Eadburh laughed her horse-laugh.
"Are all things to thy liking, fair lady?" said Ethelbert to Ethelfrith.
"Why, greatly to my liking, O King!" answered she.
Suddenly Cynerith called out, "Child, where is thine amethyst brooch? Is it lost, then, thou naughty one?"
"My lady," said the girl, trembling, "I did give it…. Ye saw the beggars. One there was that might have been a leper; and there were little children. O mother, be not wroth! I could not do else—woeful was their crying. I sent them unto the sisters, who will feed them and care for them this night; and I gave my brooch unto the woman with the baby in her arms."

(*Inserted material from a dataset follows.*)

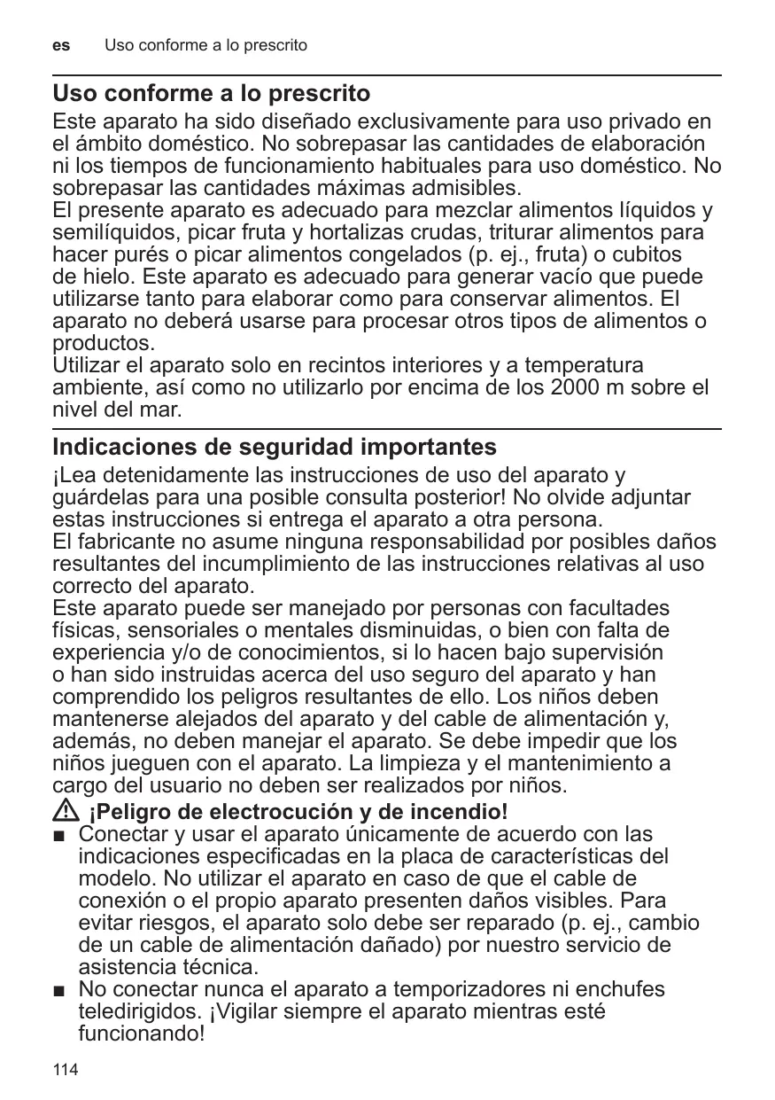 El presente aparato es adecuado para mezclar alimentos líquidos y semilíquidos, picar fruta y hortalizas crudas, triturar alimentos para hacer purés o picar alimentos congelados (p. ej., fruta) o cubitos de hielo. Este aparato es adecuado para generar vacío que puede utilizarse tanto para elaborar como para conservar alimentos. El aparato no deberá usarse para procesar otros tipos de alimentos o productos. Utilizar el aparato solo en recintos interiores y a temperatura ambiente, así como no utilizarlo por encima de los 2000 m sobre el nivel del mar.

"Fie upon thee, fie upon thee!" cried the Queen. "Is my daughter altogether a fool? I will not have thee go among such filthy folk, to touch them belike! Precious stones give I not thee for this!"
"All beggars and such scum should be whipped and branded," said Eadburh, little guessing that in years to come she herself would roam a foreign city,[ [14] begging her bread. "Lord father, think ye not that it would be well that when a bondman have not work enough, or when he feign himself a cripple, his lord might sell him beyond seas? So do I often tell King Beorhtric."
"Why, why," Ethelbert broke in, "I miss my ring of onyx!"
"Was it loose upon thy finger?" said Queen Cynerith. "Often in unhooding a hawk——"
"Nay," said he, smiling, "I do think it is where the Lady Ethelfrith's sweet charity would have it be!"